Figure 3. Untranslated CAG repeats induce progressive neural dysfunction

a, Constructs with untranslated CAG repeats within the 3' UTR of a transgene encoding a control protein DsRed. b-e, Flies expressing untranslated CAG repeats show neuronal degeneration. (b, c) Flies expressing CAG₁₀₀ in the eye with gmr-GAL4 showed loss of retinal integrity (arrows). Paraffin sections of 1d flies, genotypes: (b) gmr-GAL4/ UAS-CAG₁₀₀ (4x), (c) gmr-GAL4/ UAS-CAG₀. (d, e) Flies expressing CAG₁₀₀ showed progressive brain degeneration with vacuoles in the brain (arrows). Paraffin sections of 35d flies, genotypes: (c) elav-GAL4/UAS-CAG₁₀₀ (5x) and (e) elav-GAL4/UAS-CAG₀. Bar in b, 5 μm for b, c. Bar in d, 10 μm for d, e. f-g, Expression of untranslated CAG repeats induces length-dependent, progressive neural dysfunction. (f) Neurotoxicity by lifespan analysis. Flies expressing untranslated CAG repeats show length-dependent reduced lifespan. Differences in lifespan of flies expressing CAG₀, CAG₁₀₀, and CAG₂₅₀, and CAG₂₅₀/mblA are significantly different at P<0.001 (log-rank analysis). Mean ± SD, n= 250, 260, 300, 100 flies, respectively. elav-GAL4 in trans to (CAG₀) UAS-CAG₀, (CAG₁₀₀) UAS-CAG₁₀₀ (five UAS-trangenes were combined to match the RNA expression level to that of SCA3trQ78(s)_CAG), (CAG₂₅₀) UAS-CAG₂₅₀. (g) Climbing ability with age. Flies expressing CAG₀ showed normal climbing defects with age (* P<0.05).
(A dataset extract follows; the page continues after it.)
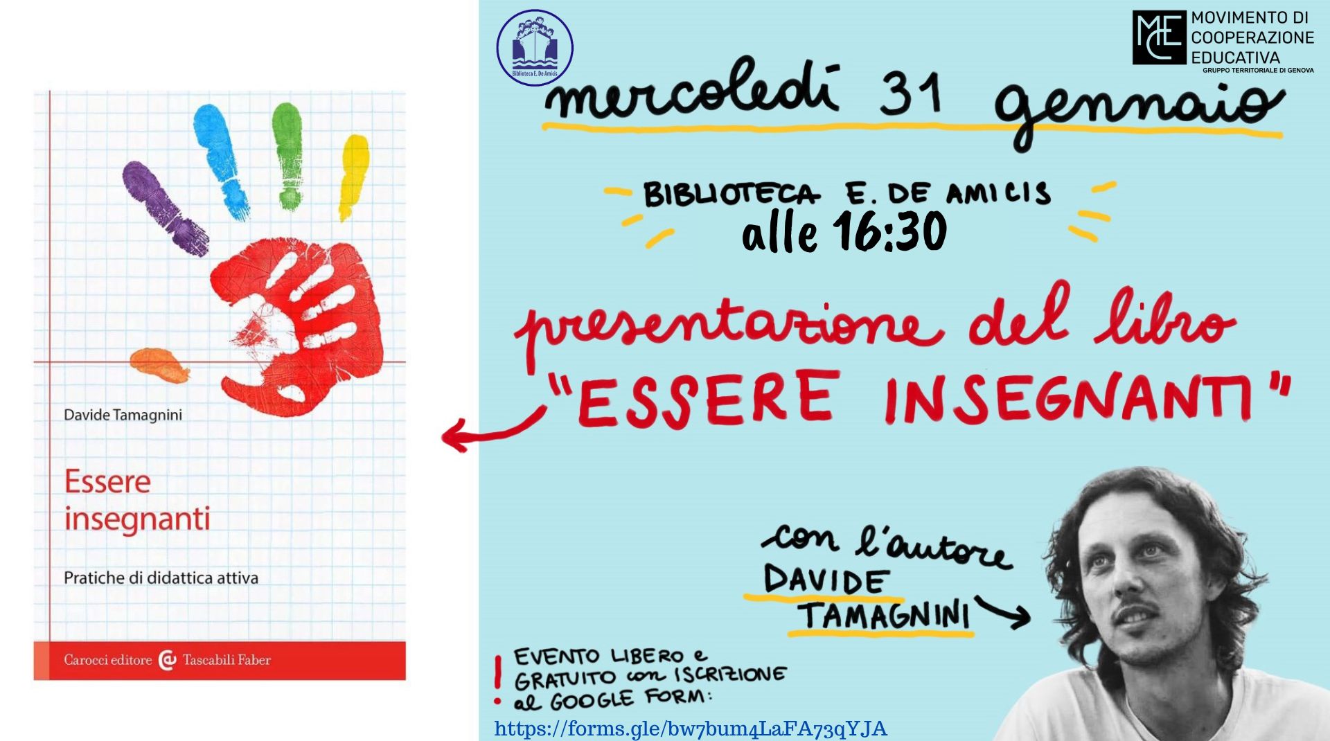 Il Movimento di Cooperazione Educativa organizza e promuove in collaborazione con la Biblioteca De Amicis la presentazione del volume Essere insegnanti - Pratiche di didattica attiva di Davide Tamagnini (Carocci, 2023).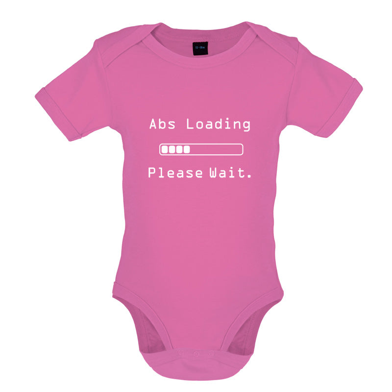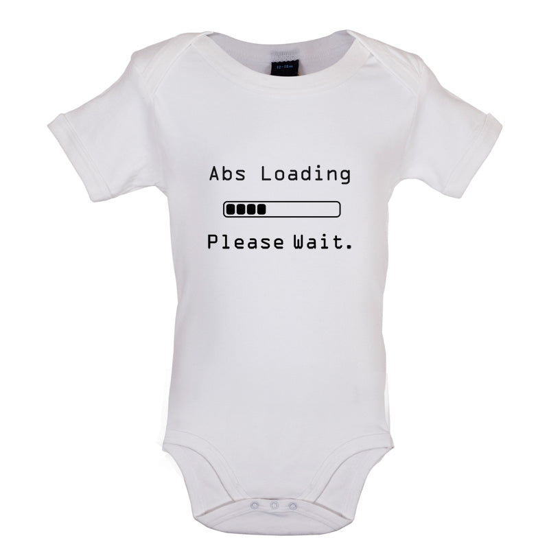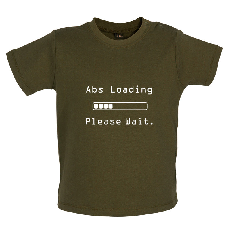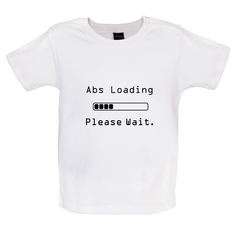 Baby/Toddler T-shirt: Our Baby Unisex style Abs Loading Please Wait T-shirt is printed on our high quality 200 gsm ringspun cotton garment which features shoulder poppers to ease getting your little one dressed. Our Baby T-shirts are available in a choice of Eight colours.

Flies expressing CAG₁₀₀ had mild climbing defects at 20d, which strikingly degenerated by 35d (*** P<0.001 compared to 1d; ** P<0.01 compared to 35d CAG₀). CAG₂₅₀ flies had moderate climbing defects at 1d, which were strikingly worse by 20d (* P<0.05). Mean ± SD, 100-200 flies per time point for each genotype in each experiment, two-way ANOVA. Genotypes as in (f).